Cobertura vacinal baixa colocou Ministério da Saúde e entidades médicas em alerta, nova campanha de vacinação está marcada para agosto
A funcionária pública Geny Barros 42, se orgulha ao repetir os relatos da mãe: aos seis meses, já era um bebê muito ativo, começando a engatinhar. A família vivia no interior do Mato Grosso do Sul, longe de um hospital ou de qualquer tipo de clínica médica.
Quando a criança teve febre muito alta, quem deu o diagnóstico foi o farmacêutico que vivia na região: meningite. Inconformado, o pai levou Geny para um hospital de Goiás e só lá os médicos puderam explicar por que a menina estava paralisada, só conseguia mexer o pescoço, ela tinha sido infectada pelo vírus da poliomielite.
“Eram os anos 1970, naquela época as pessoas não conheciam a doença”, conta Geny.

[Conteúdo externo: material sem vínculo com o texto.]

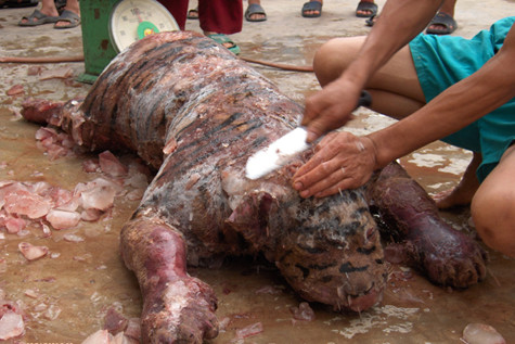 Ông chủ tên M. cười tít mắt: “Chú mày hỏi ngủ bỏ xừ. Con hổ này đã là cái gì. Đến cái cây to vài người ôm, dài cả chục mét còn khênh về được, nói gì con hổ này. Đường biên rộng mênh mông, ai mà trông cho hết được. Riêng vận chuyển bên Lào với Thái Lan thì vô tư, chở cả xe tải cũng thoải mái, nhưng về Việt Nam thì chia ra từng con, thuê người Mông họ vác cho. Cách đó là an toàn ít tốn kém nhất. Còn muốn nhanh và tốn chút thì dấm dúi thông quan. Cái con hổ chết cứng này, thì còn bảo tồn với bảo tàng gì nữa. Hổ nuôi, không có người tiêu thụ, thì ai họ nuôi làm gì. Trước, bọn anh còn nhập hổ từ Ấn Độ, Bangladesh, Srilanka, Nga… về cơ. Giờ hổ ở đấy hết sạch rồi, chỉ còn hổ nuôi ở Lào và Thái Lan là nhiều như lợn. Con này hổ rừng, hàng đắt tiền, nên vận chuyển cũng chắc ăn mới dám mang về đấy”.
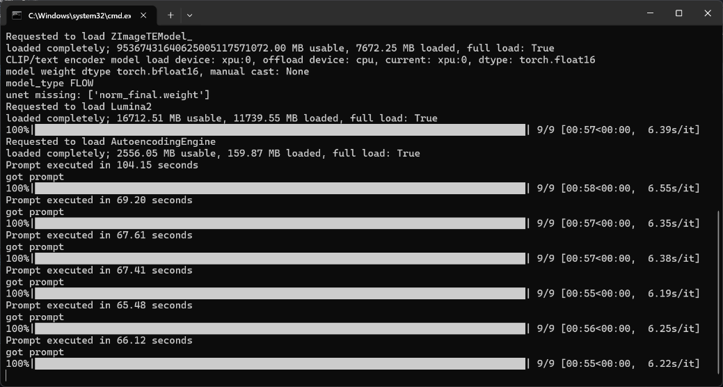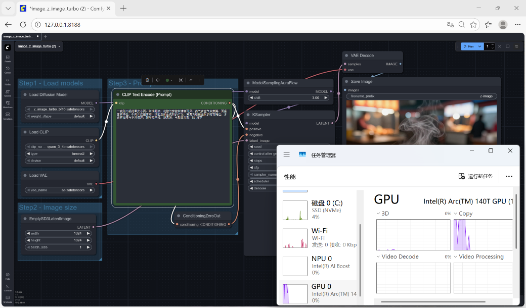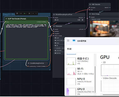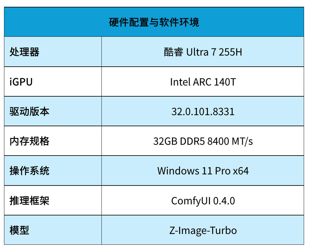 从结果来看,Intel VRAM可变显存技术,是本次成功运行Z-Image-Turbo的关键因素之一。从此,集成显卡不再受限于预设显存大小,而是可根据负载动态申请系统内存。使得原本需要8GB甚至更高显存的模型,能够在iGPU环境中顺利运行,同时也降低了推理过程中的显存抖动。
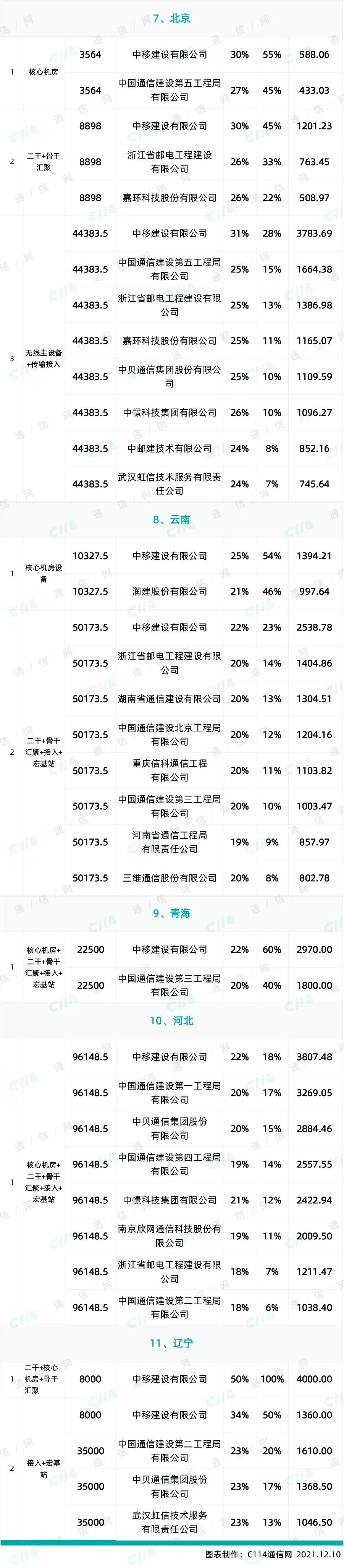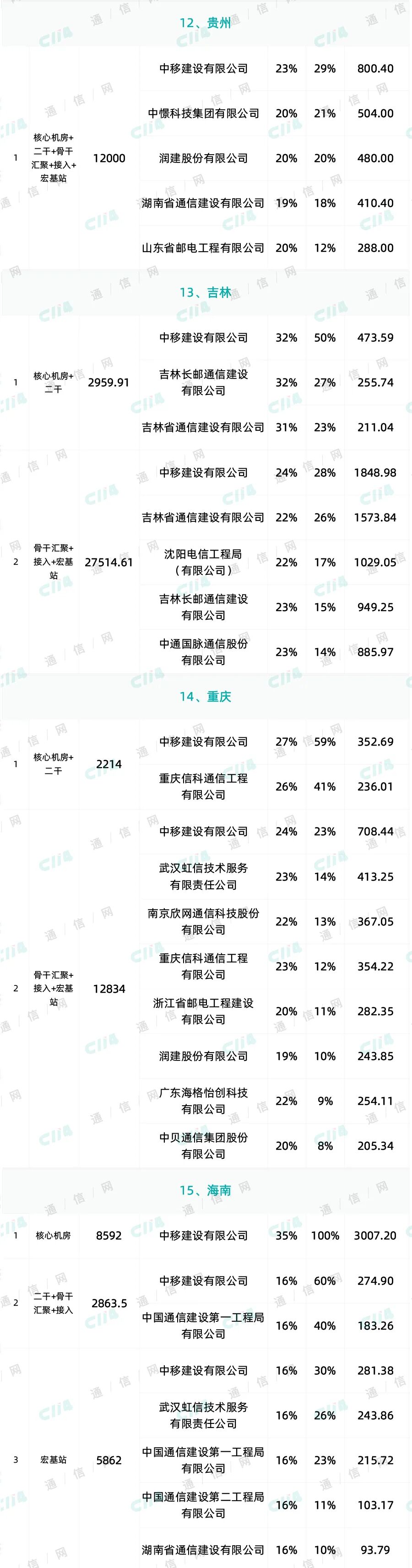 从12个专业公司和15省份的中标情况来看,截止目前,12家专业公司及11个省份的中标企业已有21家,但绝大部分份额被中移建设拿走,无疑中移建设是第一大赢家。目前,中移建设共获得24个专业公司及省份的总计计33个标段的份额,中标金额约约为62947.71万元(不含税);其次为浙江邮电工程,共获得6个专业公司及省份共计7个标段的份额,中标金额约为7377.72万元(不含税);目前排名第三的企业为中通二局,共获得5个专业公司及省份共计6个标段的份额,中标金额约7535.5万元(不含税)。
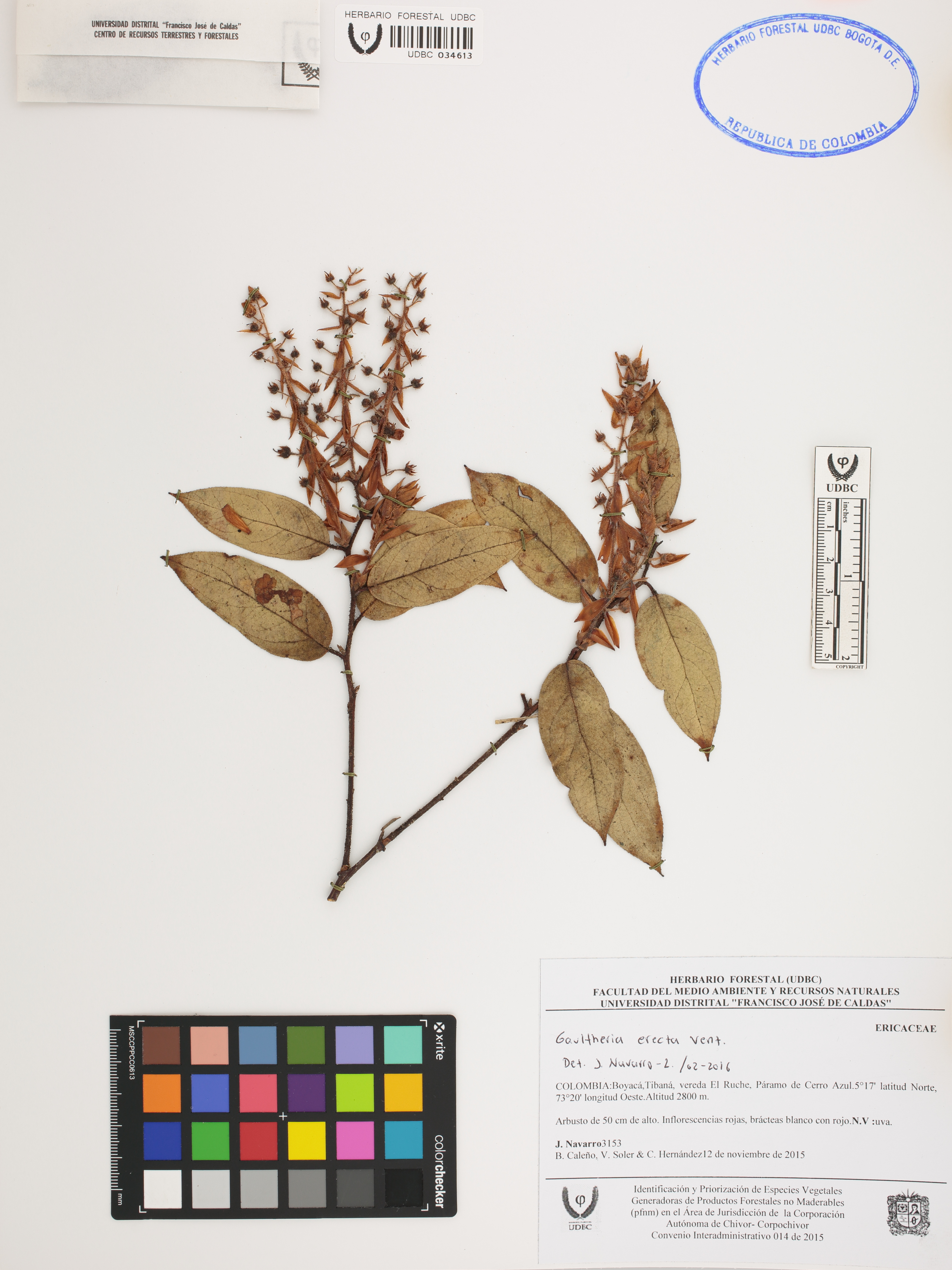 Fotografía del ejemplar Navarro, J. 3153, determinado como Gaultheria erecta en el año 2016

De volta para a casa, a família ajudou o bebê a fazer os exercícios ensinados pelos médicos, em poucos meses ela voltou a mexer os braços, mas os pés permaneceram virados para dentro. Segundo Geny, porque “a doença afetou a minha coluna, que ficou com o formato da letra S, meus pés nunca voltaram ao normal, nunca consegui caminhar”.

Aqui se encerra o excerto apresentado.